Fast scaling
Running LLM inference in production is a very different game from training models. Unlike training, which is batch-based and predictable, inference is driven by real-time user demand. That demand is often bursty, hard to predict, and unforgiving of latency or downtime.
This means the system needs to scale up quickly during traffic spikes and scale down to zero when idle to save costs. This kind of elasticity is fundamental to efficiency.
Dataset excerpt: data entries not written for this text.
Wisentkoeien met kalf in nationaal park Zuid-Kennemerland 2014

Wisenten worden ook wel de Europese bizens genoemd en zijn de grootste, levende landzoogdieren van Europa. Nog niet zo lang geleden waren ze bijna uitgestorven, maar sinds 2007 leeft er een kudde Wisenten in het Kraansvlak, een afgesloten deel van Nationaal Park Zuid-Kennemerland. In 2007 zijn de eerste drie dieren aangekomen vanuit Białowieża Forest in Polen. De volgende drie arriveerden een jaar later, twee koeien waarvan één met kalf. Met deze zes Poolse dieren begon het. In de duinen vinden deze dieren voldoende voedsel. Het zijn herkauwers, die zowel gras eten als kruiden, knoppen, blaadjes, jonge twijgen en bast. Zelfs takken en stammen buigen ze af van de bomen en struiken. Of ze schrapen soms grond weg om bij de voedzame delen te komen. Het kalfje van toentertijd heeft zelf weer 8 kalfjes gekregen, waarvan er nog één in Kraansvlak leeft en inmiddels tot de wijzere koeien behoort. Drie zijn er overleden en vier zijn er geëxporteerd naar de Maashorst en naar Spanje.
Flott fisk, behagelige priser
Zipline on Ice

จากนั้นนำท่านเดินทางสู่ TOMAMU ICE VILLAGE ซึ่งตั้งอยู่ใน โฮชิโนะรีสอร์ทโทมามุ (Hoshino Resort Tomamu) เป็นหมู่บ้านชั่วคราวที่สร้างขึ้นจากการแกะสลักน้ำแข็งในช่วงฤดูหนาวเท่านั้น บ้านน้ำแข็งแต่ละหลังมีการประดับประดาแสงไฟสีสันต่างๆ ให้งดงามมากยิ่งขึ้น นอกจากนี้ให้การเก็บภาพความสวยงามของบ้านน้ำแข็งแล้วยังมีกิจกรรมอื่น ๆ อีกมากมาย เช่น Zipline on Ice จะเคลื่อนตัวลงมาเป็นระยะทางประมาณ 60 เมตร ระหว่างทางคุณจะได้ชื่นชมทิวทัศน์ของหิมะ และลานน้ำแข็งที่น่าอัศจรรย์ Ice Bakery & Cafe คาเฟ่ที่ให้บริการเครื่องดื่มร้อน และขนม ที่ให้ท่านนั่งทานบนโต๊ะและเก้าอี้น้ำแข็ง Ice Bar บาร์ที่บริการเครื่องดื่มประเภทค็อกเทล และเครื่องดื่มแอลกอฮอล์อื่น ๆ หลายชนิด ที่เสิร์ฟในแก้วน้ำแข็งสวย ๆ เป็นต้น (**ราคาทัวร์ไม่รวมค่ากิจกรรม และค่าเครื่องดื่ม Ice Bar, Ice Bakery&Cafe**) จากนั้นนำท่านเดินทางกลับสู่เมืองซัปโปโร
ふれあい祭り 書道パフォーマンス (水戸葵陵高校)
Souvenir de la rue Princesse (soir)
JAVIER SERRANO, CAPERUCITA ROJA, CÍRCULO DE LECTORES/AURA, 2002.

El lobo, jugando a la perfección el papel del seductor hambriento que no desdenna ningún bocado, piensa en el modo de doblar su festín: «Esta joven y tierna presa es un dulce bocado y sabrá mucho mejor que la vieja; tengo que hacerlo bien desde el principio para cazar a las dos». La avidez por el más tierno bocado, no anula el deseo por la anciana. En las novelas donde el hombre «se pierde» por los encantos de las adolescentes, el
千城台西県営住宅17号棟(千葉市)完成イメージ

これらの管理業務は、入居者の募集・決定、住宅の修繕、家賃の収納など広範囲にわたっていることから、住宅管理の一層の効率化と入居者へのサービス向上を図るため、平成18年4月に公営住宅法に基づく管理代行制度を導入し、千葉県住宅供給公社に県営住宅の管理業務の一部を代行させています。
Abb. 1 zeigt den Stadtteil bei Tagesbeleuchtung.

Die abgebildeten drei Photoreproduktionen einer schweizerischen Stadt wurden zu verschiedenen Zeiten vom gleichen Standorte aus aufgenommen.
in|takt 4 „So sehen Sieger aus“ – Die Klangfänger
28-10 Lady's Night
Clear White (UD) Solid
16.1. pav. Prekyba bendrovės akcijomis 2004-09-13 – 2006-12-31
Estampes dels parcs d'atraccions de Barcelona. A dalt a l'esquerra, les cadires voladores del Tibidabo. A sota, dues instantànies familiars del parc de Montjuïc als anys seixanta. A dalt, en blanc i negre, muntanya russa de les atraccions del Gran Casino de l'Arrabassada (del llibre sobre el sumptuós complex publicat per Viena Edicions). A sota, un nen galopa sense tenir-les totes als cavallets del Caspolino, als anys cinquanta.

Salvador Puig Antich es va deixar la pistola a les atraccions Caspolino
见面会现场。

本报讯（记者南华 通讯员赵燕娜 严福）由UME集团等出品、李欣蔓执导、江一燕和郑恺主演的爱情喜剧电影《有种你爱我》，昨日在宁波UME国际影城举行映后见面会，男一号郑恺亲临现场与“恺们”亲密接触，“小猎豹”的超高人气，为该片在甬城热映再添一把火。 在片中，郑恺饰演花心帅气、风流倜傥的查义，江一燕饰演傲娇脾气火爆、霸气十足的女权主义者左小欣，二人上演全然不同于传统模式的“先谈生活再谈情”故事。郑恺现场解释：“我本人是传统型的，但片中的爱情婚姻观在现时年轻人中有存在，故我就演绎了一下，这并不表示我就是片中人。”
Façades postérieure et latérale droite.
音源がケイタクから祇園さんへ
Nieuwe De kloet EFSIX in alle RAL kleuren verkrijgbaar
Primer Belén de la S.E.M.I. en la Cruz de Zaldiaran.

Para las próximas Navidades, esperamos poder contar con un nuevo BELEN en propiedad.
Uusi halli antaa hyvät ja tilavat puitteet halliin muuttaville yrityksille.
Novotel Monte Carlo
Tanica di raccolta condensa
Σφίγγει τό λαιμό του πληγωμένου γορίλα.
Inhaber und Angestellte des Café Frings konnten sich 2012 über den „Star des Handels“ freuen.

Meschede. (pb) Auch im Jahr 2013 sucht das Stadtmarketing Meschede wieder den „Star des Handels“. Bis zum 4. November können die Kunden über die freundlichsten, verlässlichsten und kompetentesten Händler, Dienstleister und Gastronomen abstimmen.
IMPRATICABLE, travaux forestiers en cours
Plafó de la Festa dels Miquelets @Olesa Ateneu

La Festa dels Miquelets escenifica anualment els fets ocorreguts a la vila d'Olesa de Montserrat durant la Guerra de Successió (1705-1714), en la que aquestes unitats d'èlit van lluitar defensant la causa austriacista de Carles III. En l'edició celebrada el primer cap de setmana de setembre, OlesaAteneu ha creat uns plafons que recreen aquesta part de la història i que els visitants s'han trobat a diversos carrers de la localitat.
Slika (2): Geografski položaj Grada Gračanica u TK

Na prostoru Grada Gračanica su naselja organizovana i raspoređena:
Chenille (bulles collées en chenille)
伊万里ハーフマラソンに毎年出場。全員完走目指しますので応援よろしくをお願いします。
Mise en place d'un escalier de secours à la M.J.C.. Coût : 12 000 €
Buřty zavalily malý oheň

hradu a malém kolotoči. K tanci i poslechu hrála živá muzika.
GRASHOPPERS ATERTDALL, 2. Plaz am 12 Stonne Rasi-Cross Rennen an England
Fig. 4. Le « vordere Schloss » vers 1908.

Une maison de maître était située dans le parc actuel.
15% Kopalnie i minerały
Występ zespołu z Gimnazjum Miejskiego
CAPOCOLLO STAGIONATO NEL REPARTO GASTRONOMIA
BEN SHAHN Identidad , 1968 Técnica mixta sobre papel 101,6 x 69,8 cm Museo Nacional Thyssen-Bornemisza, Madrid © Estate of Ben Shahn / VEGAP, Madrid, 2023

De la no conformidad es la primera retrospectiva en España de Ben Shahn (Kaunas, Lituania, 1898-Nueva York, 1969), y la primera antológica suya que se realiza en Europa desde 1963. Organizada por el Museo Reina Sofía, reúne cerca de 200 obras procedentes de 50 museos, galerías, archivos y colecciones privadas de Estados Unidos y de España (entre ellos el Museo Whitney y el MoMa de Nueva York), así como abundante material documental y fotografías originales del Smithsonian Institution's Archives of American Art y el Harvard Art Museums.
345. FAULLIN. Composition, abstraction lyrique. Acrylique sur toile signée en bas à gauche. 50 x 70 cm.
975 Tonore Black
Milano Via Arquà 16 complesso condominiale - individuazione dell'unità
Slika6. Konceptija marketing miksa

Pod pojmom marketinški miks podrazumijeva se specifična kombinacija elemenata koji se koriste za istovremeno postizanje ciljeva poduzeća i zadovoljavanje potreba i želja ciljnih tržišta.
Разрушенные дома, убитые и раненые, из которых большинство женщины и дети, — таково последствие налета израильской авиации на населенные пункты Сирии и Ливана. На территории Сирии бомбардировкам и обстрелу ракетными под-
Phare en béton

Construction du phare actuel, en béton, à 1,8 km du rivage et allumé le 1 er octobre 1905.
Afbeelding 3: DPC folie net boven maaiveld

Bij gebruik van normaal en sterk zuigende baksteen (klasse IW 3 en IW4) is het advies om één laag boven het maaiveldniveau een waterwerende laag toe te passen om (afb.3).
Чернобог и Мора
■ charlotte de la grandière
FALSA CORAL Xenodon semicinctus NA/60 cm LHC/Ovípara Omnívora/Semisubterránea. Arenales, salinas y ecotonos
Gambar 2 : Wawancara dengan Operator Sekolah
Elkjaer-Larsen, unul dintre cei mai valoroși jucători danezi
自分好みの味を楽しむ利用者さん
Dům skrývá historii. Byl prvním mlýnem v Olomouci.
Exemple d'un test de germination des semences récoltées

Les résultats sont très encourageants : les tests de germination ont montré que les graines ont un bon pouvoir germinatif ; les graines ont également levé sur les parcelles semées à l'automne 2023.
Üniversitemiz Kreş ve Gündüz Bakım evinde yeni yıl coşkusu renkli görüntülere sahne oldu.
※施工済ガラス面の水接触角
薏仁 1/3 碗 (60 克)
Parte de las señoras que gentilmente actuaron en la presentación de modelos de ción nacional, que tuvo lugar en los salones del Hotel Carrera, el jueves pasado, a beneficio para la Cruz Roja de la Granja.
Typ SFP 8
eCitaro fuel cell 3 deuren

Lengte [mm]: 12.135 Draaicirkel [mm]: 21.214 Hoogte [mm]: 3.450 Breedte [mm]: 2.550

However, many organizations treat inference like training: they pre-allocate fixed GPU capacity through long-term commitments. This often leads to:
- Over-provisioning: Wasted GPU capacity, high idle costs.
- Under-provisioning: Dropped requests, latency spikes, and poor user experience.
- Inflexible budgets: Rigid spending that doesn't adapt to real usage patterns.
Why serverless isn’t a silver bullet
The scaling problem seems familiar, one that serverless computing solved years ago. Platforms like AWS Lambda made it easy to scale to demand, but serverless doesn’t map well to AI workloads. Here’s why:
- No GPU support: Most serverless platforms don’t support GPUs. This isn't merely a technical oversight; it's rooted in architectural and practical considerations.
- GPUs can’t be sliced easily: GPUs, while powerful and highly parallelizable as devices, is not as flexible as CPUs in handling multiple inference tasks on different models simultaneously.
- High cost of idle GPUs: They're the high-performance sports cars of the computing world, exceptional for specific tasks but costly to maintain, especially if not utilized continuously.
The cold start problem
Inference workloads need infrastructure that can scale quickly, manage costs, and stay performant. A fundamental challenge in scaling is the cold start.
In the context of deploying LLMs in containers, a cold start occurs when a Kubernetes node has never previously run a given deployment. As a result, the container image is not cached locally, and all image layers must be pulled and initialized from scratch.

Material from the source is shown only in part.